== DATA FOR THIS EXERCISE ==

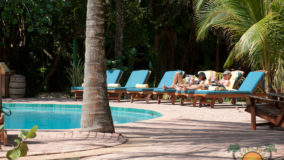 Upon arriving at Hamanasi we are greeted by guest services manager Karina and the smiling reception staff. They are quick to learn our names and prove to remember them throughout our stay. The open and inviting main building hosts the reception area, bar and restaurant and is framed with a spacious porch trimmed with flowering bougainvillea. The east side of the porch expands into an outdoor dining area with a breathtaking view of the pool and beach which is thick with coconut trees garlanded with hammocks and intimate sitting areas just inches from the tranquil sea. A relaxing vibe warms the scene with an infectious mood that insists you slow down and smell every hibiscus along the way.
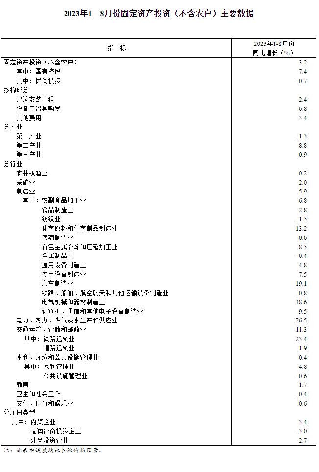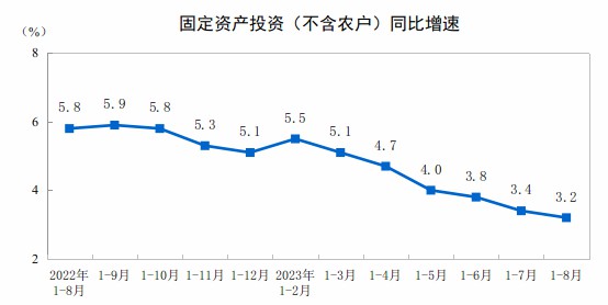 國家統(tǒng)計局:2023年1—8月份全國固定資產(chǎn)投資增長3.2%
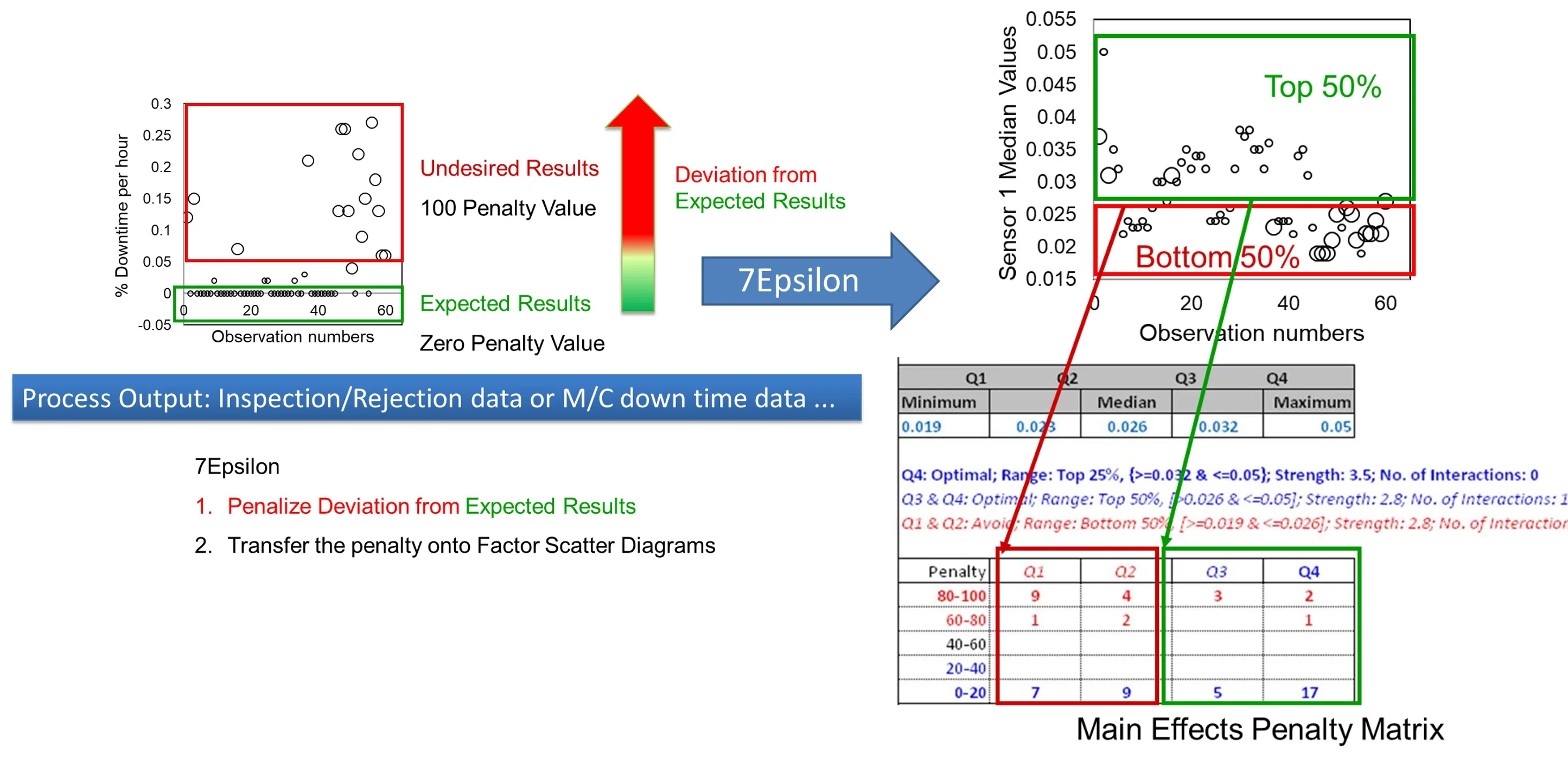 Visualise main effects and interactions with penalty matrices. They map performance deviations to key variables, highlight optimal/avoid regions, and compare with binary interactions for deeper insights.
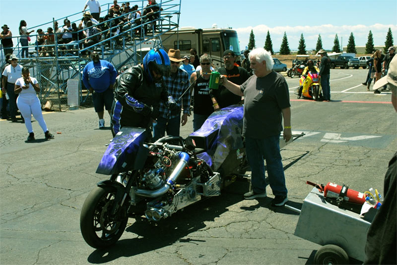 The same logic may apply to professional Blown Top Fuel drag racers running +300 MPH. Looking at the professional normally aspirated A-Fuel drag racers running 280 MPH, a similar comparison could be made. That would be to examine the reduction or removal of the blower. That would allow higher compression ratio. All of that would be to reduce the burden from the nitrogen from the air.
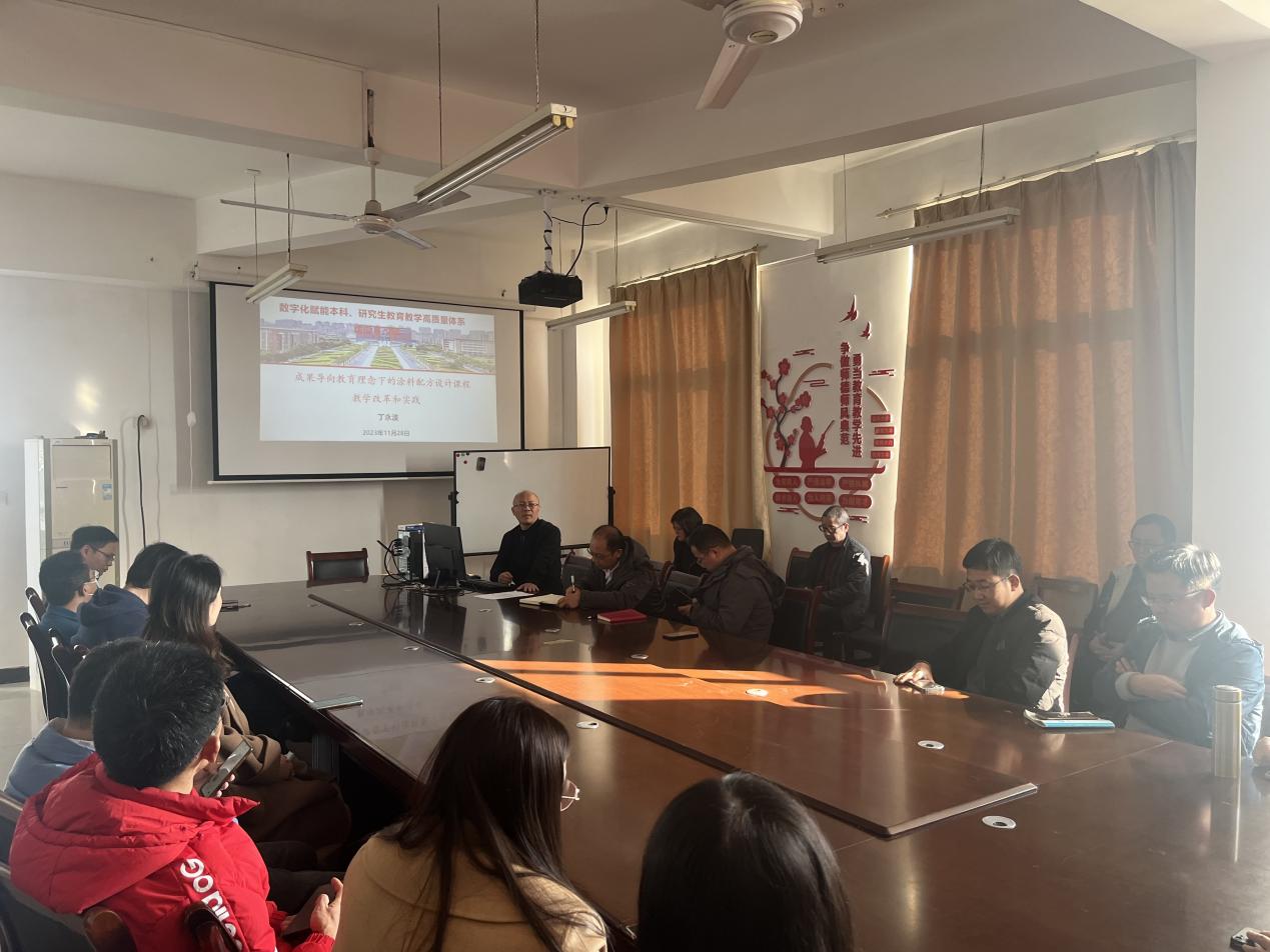 最后,丁永波副教授以“成果导向教育理念下的涂料配方设计课程教学改革和实践”为主题与大家一起交流。丁老师围绕成果导向教育(OBE)的核心要义及其课程设计框架进行阐述,并以《涂料配方设计》为例,对其课程教学目标设计、教学实施与指导、教学评价方法、课程目标达成度及持续改进等进行详细讲解。丁老师指出,从当前专业认证的实施情况来看,最大的薄弱之处是OBE理念在课程层面的落实环节,这一问题不解决,将会使整个OBE教学体系在很大程度上失去其建构基础和内在合理性。因此,丁永波副教授希望通过本次讲座,为一线教师打通教育教学改革“最后一公里”提供借鉴。

===

TASK PROMPT
Down to the last line, set down the data above exactly, and omit all images.

TASK ANSWER
 Upon arriving at Hamanasi we are greeted by guest services manager Karina and the smiling reception staff. They are quick to learn our names and prove to remember them throughout our stay. The open and inviting main building hosts the reception area, bar and restaurant and is framed with a spacious porch trimmed with flowering bougainvillea. The east side of the porch expands into an outdoor dining area with a breathtaking view of the pool and beach which is thick with coconut trees garlanded with hammocks and intimate sitting areas just inches from the tranquil sea. A relaxing vibe warms the scene with an infectious mood that insists you slow down and smell every hibiscus along the way.
 國家統(tǒng)計局:2023年1—8月份全國固定資產(chǎn)投資增長3.2%
 Visualise main effects and interactions with penalty matrices. They map performance deviations to key variables, highlight optimal/avoid regions, and compare with binary interactions for deeper insights.
 The same logic may apply to professional Blown Top Fuel drag racers running +300 MPH. Looking at the professional normally aspirated A-Fuel drag racers running 280 MPH, a similar comparison could be made. That would be to examine the reduction or removal of the blower. That would allow higher compression ratio. All of that would be to reduce the burden from the nitrogen from the air.
 最后,丁永波副教授以“成果导向教育理念下的涂料配方设计课程教学改革和实践”为主题与大家一起交流。丁老师围绕成果导向教育(OBE)的核心要义及其课程设计框架进行阐述,并以《涂料配方设计》为例,对其课程教学目标设计、教学实施与指导、教学评价方法、课程目标达成度及持续改进等进行详细讲解。丁老师指出,从当前专业认证的实施情况来看,最大的薄弱之处是OBE理念在课程层面的落实环节,这一问题不解决,将会使整个OBE教学体系在很大程度上失去其建构基础和内在合理性。因此,丁永波副教授希望通过本次讲座,为一线教师打通教育教学改革“最后一公里”提供借鉴。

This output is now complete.